What happened to the Democratic Party? Why has it become impossible to question war and the massive expenditures on arms? Why is such questioning political suicide? Why can’t a Democrat ask, especially at a time of economic hardship and huge deficits, how much we are going to divert to the war in Ukraine, which has already consumed some $60 billion? Former presidential candidate and eight-term Congressperson Dennis Kucinich joins The Chris Hedges Report to discuss the past half century of the Democrats, and how the war machine conquered the party.
Studio: Adam Coley, Cameron Granadino
Post-Production: Eli Ben-Yaacov
Chris Hedges: There was once a wing of the Democratic Party that stood up to the war industry. J. William Fulbright, George McGovern, Gene McCarthy, Mike Gravel, William Proxmire, and of course Dennis Kucinich. But that was largely decades ago. The new Democrats, especially with the presidency of Bill Clinton, became shills not only for corporate America, but the arms industry. No weapons system is too costly. No war, no matter how disastrous, goes unfunded. The massive military budget, $858 billion in military spending allocated for fiscal year 2023, is an increase of $45 billion over the Biden administration’s budget request and nearly $80 billion more than the amount appropriated by Congress for the current fiscal year. It just keeps growing. When 30 members of the party’s progressive caucus recently issued a call for Joe Biden to negotiate with Vladimir Putin, they were forced by the party leadership and a warmongering media to back down and rescind their letter.
What happened to the Democratic Party? Why has it become impossible to question war and the massive expenditures on arms? Why is such questioning political suicide?
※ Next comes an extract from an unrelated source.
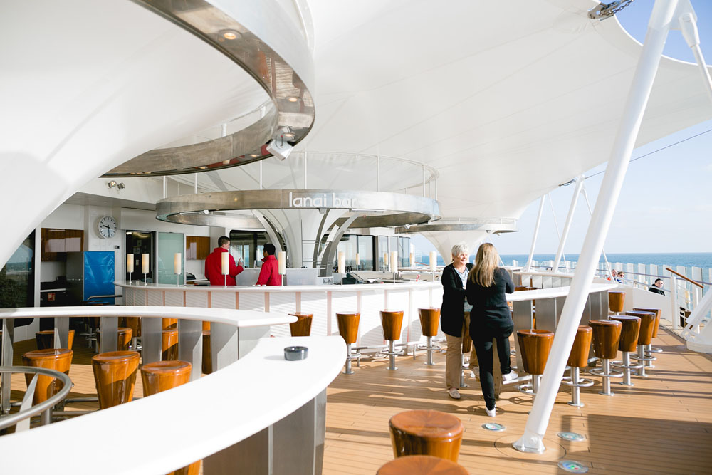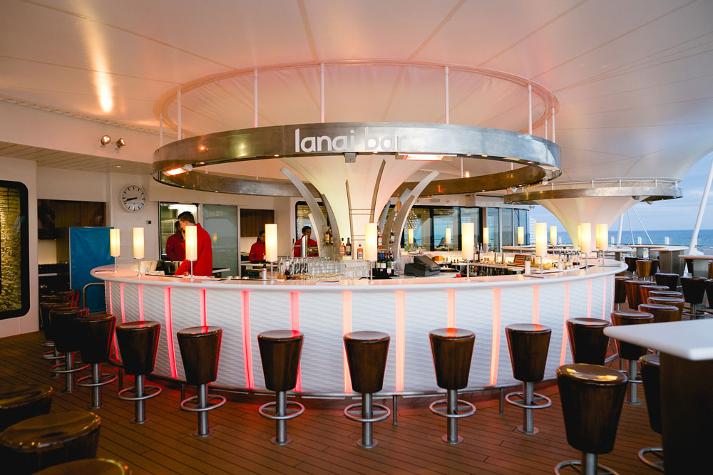 Die geräumige Lanai Bar mit Innen- und Außenbereich findet sich auf den Schiffen der Hyperion- und Helios-Klasse. In der Bar genießt man einen herrlichen Blick auf den Sonnenuntergang.

Why can’t a Democrat ask, especially at a time of economic hardship and huge deficits, how much we are going to divert to the war in Ukraine, which has already consumed some $60 billion, as much as we spend on the State Department and AID, with no end in sight?
Joining me to discuss the extinction of the anti-war Democrat is Dennis Kucinich, a former presidential candidate who served eight terms in the House of Representatives before the Democratic Party gerrymandered his district to ensure his defeat.
Dennis, you were consistently one of the very few Democrats who harkened back to that great era, of those I mentioned, McGovern, G. McCarthy and others. Proxmire, who stood up to the war industry. You paid a very heavy political price for that, not only being pushed out of Congress, but even when you were in Congress I believe you were not allowed to caucus with the Democrats, if I have that correct, courtesy of Pelosi. But let’s go back. There was a moment in time when the Democratic Party had fierce peace candidates, anti-war candidates. Of course, in 1972, McGovern becomes the nominee. What happened?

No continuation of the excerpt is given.